Audio Flamingo Next: NVIDIA's Open Audio LLM

Choose AF-Next Variant by Task to Maximize Output Quality

NVIDIA's Audio Flamingo Next (AF-Next) handles general audio understanding across speech, environmental sounds, and music, processing 16kHz audio in 30-second chunks up to 1800 seconds (30 minutes). Select variants based on needs:

Task Type	Recommended Checkpoint	Key Strengths
QA, chat, ASR/AST, direct answers	`nvidia/audio-flamingo-next-hf` (Instruct)	Default for assistant-style responses.
Multi-step reasoning, timestamped evidence, long traces	`nvidia/audio-flamingo-next-think-hf` (Think)	Explicit reasoning chains grounded in audio timestamps.
Dense captions, timestamped breakdowns, descriptive outputs	`nvidia/audio-flamingo-next-captioner-hf` (Captioner)	Verbose scene descriptions and transcriptions.

Start with Instruct for most use cases; switch to Think for complex analysis requiring evidence traces, or Captioner for detailed summaries. Model excels in multi-turn chat but limits to non-commercial research; excludes streaming TTS/voice-to-voice from this audio-text-to-text release.

Limitations include struggles with very long audio fidelity, non-English dominance, and music identification accuracy—use Think/Captioner to mitigate via structured prompting.

Prompt Precisely for ASR, Captioning, and QA Tasks

Craft prompts to unlock specific skills; always pair text instructions with audio inputs in chat format. Examples yield precise outputs:

ASR/ASR with diarization: "Transcribe the input speech." or "Transcribe the input audio. If multiple speakers are present, provide diarized transcripts with speaker labels. Speaker 1 ... Speaker 2 ..." (Instruct/Think).
Audio Captioning: Short: "Generate a caption for the input audio." Long: "Generate a detailed caption... transcribe all spoken content by all speakers precisely." (Captioner/Think).
Music Analysis: "Summarize the track with precision: mention its musical style, BPM, key, arrangement, production choices, and the emotions or story it conveys." (Captioner/Instruct/Think).
Lyrics: "Generate a lyrics transcription from the input song." (Instruct/Captioner/Think).
Translation: "Translate any speech you hear from <src_lang> into <tgt_lang>." (Instruct/Think).
Timestamped QA: "What precise description did the commentator use for the punch that ended the fight?" or multi-turn: Initial summary then "What happens right before the argument becomes heated?" (Instruct/Think).

Combine in conversations: Load audio path with text prompt, generate with max_new_tokens=1024, repetition_penalty=1.2. For multi-turn, append assistant/user roles sequentially.

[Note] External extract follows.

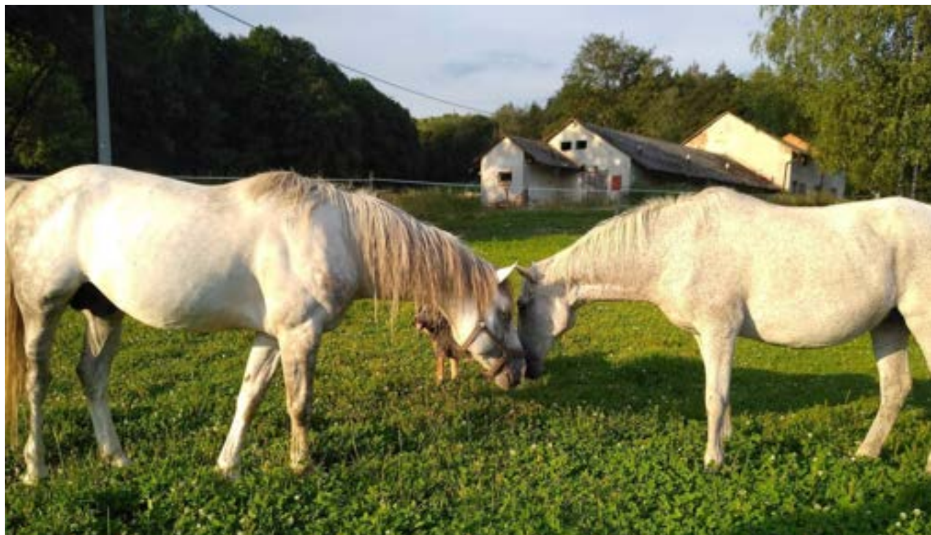
Dva zamilovaní - Gidran VIII MT/Grigorij 52/824 Shantalka (arabský kůň)

Nelze než tiše obdivovat krásy Adršpachu

Implement in 5 Lines with Transformers for Single/Multi-Turn Inference

Install: pip install --upgrade transformers accelerate. Load via:

import torch
from transformers import AutoModel, AutoProcessor
model_id = "nvidia/audio-flamingo-next-hf"
processor = AutoProcessor.from_pretrained(model_id)
model = AutoModel.from_pretrained(model_id, torch_dtype=torch.bfloat16, device_map="auto").eval()

Build conversation as list of dicts with "role": "user"/"assistant", "content": list of {"type": "text/audio", "text"/"path": ...}. Process: batch = processor.apply_chat_template(conversation, tokenize=True, add_generation_prompt=True, return_dict=True).to(model.device). Generate: generated = model.generate(**batch, max_new_tokens=1024, repetition_penalty=1.2). Decode: processor.batch_decode(generated[:, prompt_len:], skip_special_tokens=True)[0].

Trained on 45K hours pre-training, 200K+ mid-training samples (5 datasets, 30 epochs), 2M+ post-training, 1M GRPO-aligned instructions, plus 30K AF-Think for reasoning. Architecture: Audio encoder (hidden=1280, layers=32), text decoder (hidden=3584, layers=28, max_pos=131072), 128 experts, 30s patches, 2 connection types.

Training Curriculum Builds Robust Audio Reasoning

Four-stage pipeline: Pre-train on raw audio-text (45K hours), mid-train on 200K+ clips (5 datasets, 30 epochs), post-train on 2M+ instructions, GRPO-align for chat/safety/AudioSkills-XL. Final AF-Think dataset (30K) adds temporal grounding. Datasets: nvidia/LongAudio, AF-Chat, AF-Think.